_Problem description_. Emit a verbatim copy of the lines below from the line with "- upper steering" through the line with "Produk ini memiliki", excluding pictures and everything outside that range.

_Supplied material_.
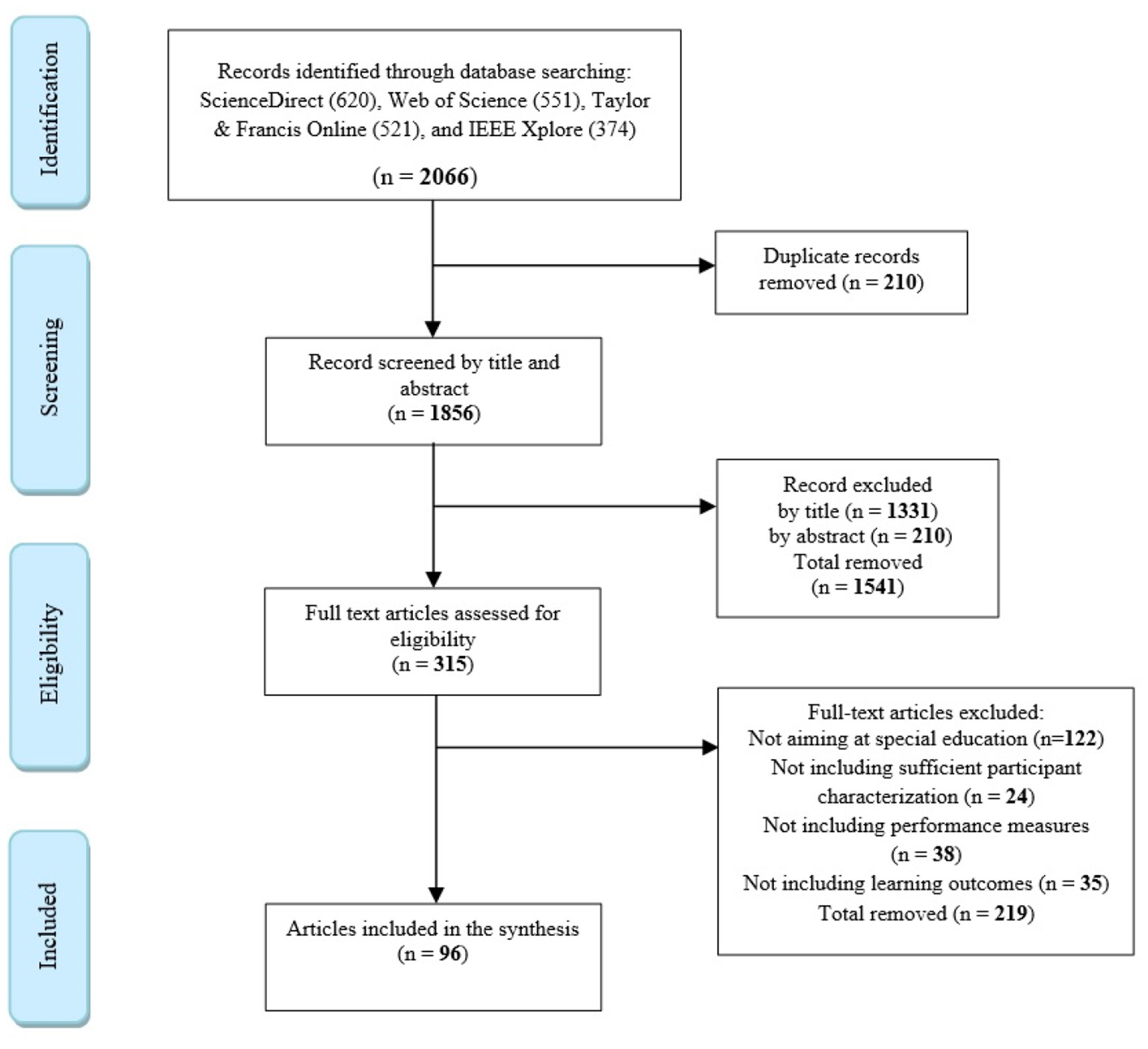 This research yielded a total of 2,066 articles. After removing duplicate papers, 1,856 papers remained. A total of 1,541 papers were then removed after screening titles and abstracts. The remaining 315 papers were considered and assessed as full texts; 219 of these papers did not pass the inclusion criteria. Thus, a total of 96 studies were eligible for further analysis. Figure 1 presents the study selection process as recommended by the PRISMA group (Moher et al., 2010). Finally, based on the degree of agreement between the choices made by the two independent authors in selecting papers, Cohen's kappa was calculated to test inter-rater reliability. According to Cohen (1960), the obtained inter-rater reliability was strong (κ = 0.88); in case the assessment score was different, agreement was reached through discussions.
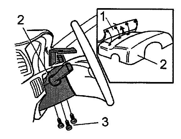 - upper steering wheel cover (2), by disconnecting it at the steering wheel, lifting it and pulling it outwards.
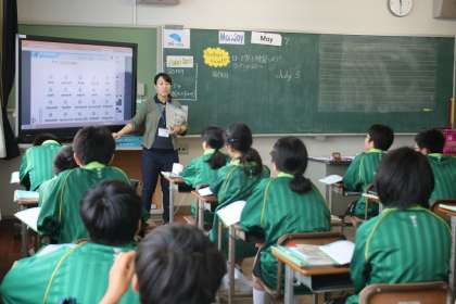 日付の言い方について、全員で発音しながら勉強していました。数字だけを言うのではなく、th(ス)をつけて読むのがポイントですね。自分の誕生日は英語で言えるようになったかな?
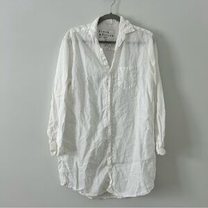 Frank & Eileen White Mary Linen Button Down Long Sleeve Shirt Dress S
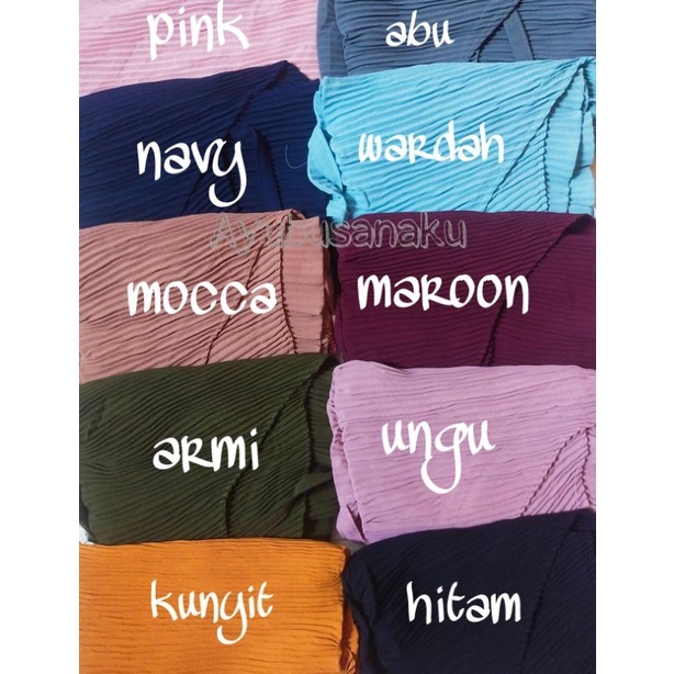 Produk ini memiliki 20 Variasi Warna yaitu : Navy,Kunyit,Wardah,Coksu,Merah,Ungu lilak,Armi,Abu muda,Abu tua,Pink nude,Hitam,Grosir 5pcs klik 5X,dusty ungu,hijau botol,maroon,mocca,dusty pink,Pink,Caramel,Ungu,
...
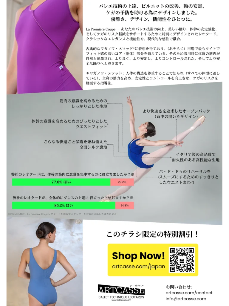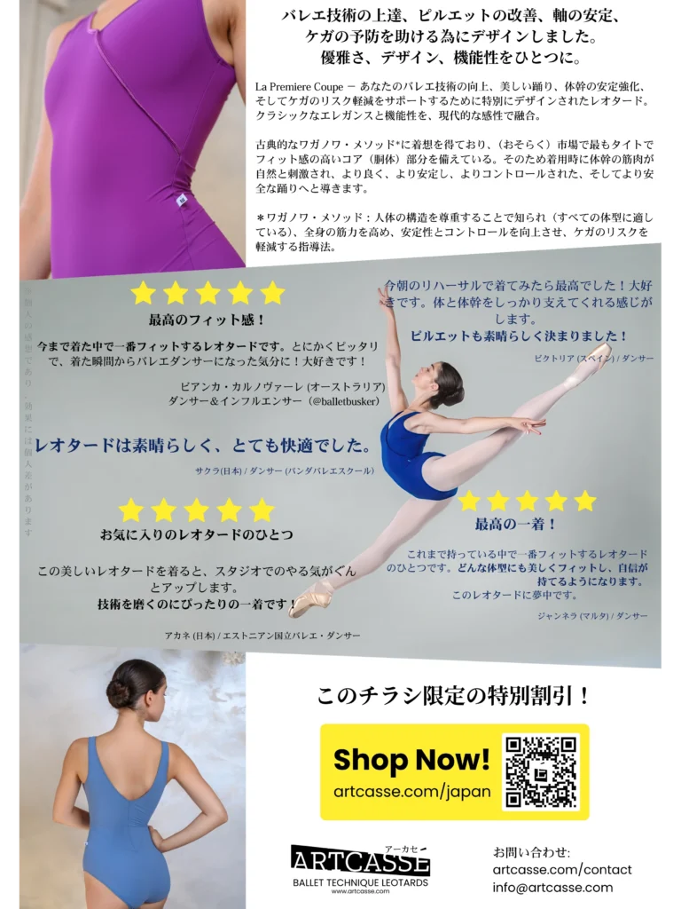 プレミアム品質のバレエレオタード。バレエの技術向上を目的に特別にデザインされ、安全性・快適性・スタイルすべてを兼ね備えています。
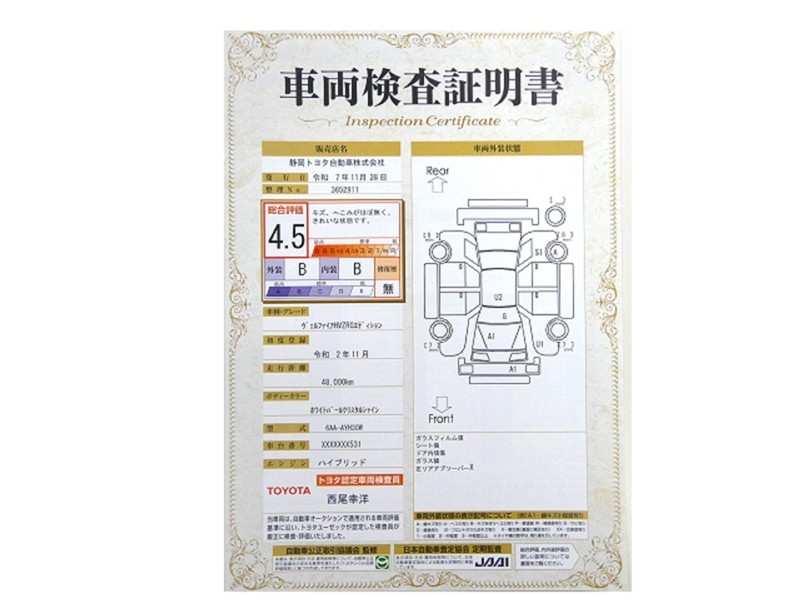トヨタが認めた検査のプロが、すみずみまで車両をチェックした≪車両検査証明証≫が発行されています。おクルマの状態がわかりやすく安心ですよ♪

_Task output_.
 - upper steering wheel cover (2), by disconnecting it at the steering wheel, lifting it and pulling it outwards.
 日付の言い方について、全員で発音しながら勉強していました。数字だけを言うのではなく、th(ス)をつけて読むのがポイントですね。自分の誕生日は英語で言えるようになったかな?
 Frank & Eileen White Mary Linen Button Down Long Sleeve Shirt Dress S
 Produk ini memiliki 20 Variasi Warna yaitu : Navy,Kunyit,Wardah,Coksu,Merah,Ungu lilak,Armi,Abu muda,Abu tua,Pink nude,Hitam,Grosir 5pcs klik 5X,dusty ungu,hijau botol,maroon,mocca,dusty pink,Pink,Caramel,Ungu,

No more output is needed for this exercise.